Apparently Independencia was a big deal. And they all thought I had climbed it.
This went on, with few coherent words for me, but much boisterous celebration from all the men in the bar. I needed to extract myself my further explanations were not understood, and as the gang was waiting. I finally walked out with two full Carta Blanca's in my hands, and an entourage of back slapping old men from the bar.
Duane was shaking his head wondering, "Who is this guy? Everywhere he goes it's a party?"

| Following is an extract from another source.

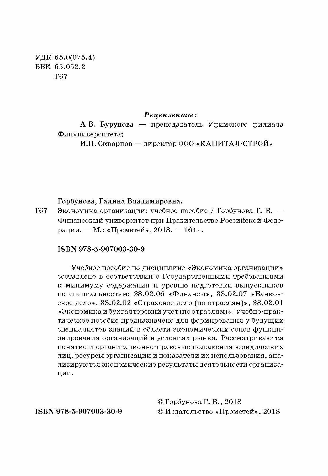 Экономика организации. Учебное пособие (Горбунова Галина Владимировна); Прометей, 2018

We next went to a market place and there were a bunch of youths playing soccer/football in the street in front of it. Seeing me in my knickers, they challenged me into their game. I thrilled with plastic-ball-kicking with smiling boys and much laughter. That was a blur, but I got this great photo of Duane with a sombrero and a machete! The shop owner is holding a knife to Duane's throat! Blurry some how fits, its was almost 40 years ago.
The next day we drove home back to Texas, and were so packed in the van that at the border, when the agent asked us to open the back, a helmet and pack rolled out complete with rope. The Agent just shook his head and told us to go on.
We drove past the in-land boarder check and pulled into a gas station. Then Bill taught me a real trick! I think today we call it Geo-Caching.
We had a smiling drive home! Nods and grins and jokes and jabs. It had been a good weekend and good that our parents did not know. Mexico is like Vegas - what happens in Mexico stays in Mexico.
And, my Mom had to write me a note for school...
Ah, Old Mexico.
....
Don't ask about the next weekend... that one had Game Wardens, Sheriffs and the all the arms of Texas Law involved... You should be glad you were not my parents!